Oh, I know, I was just saying that I would have hoped Democrats would not fall for the lazy France bashing and weapon sales based nationalism. But of course I know that that doesn’t influence their votes. It should, though.
What I see in Austin more and more, as time goes by and the influx of tech bros, money, hipsters, money, venture- and vulture-capital funded housing crises, more money and money flood Our Fair City.
Nailed it.
Talked with my state rep some years ago, she pointed out that Texas is already blue, if one looks at raw voting data, but since our state’s been notoriously, spectacularly gerrymandered, it’s just really hard work getting Dems into office.
I am sure @navarro could chime in with direct experience re parts of the Texas political landscape here.
As a human swimming in an unending tide of explosive residential growth
I can definitely tell you most people I’ve talked to say they fled California because it was too liberal and too expensive. And yes, I’ve probably got a dose of confirmation bias.
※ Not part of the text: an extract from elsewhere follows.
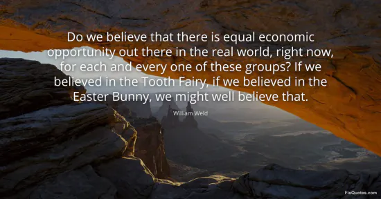 Weld, William. (2026, February 18). Do we believe that there is equal economic opportunity out there in the real world, right now, for each and every one of these groups? If we believed in the Tooth Fairy, if we believed in the Easter Bunny, we might well believe that. FixQuotes. https://fixquotes.com/quotes/do-we-believe-that-there-is-equal-economic-91586/

Plenty of native Texans–some of them sixth- and seventh-generation Texans–I talk with just can’t abide by this explosive, environmentally catastrophic unplanned growth, as more asphalt, fewer trees, staggeringly huge pressures on water resources
and the beleaguered Texas Freedom Grid (thank you, @StatusQuo for posting that Houston Public Media report) endanger and adulterate the very things people moving here claim to love about Texas.
In my experience your average Texan is more progressive than Californians from anywhere but the coastal cities.
Texas is a lot of red land mass wise, but the population is real concentrated. And an awful lot of it is not white. Cali gave us the gift of Peter Thiel.
Based on my experiences I’d say it’s close. I think it’s because of these divides that we seem to be quickly becoming the testing ground for the new fad in civil wars.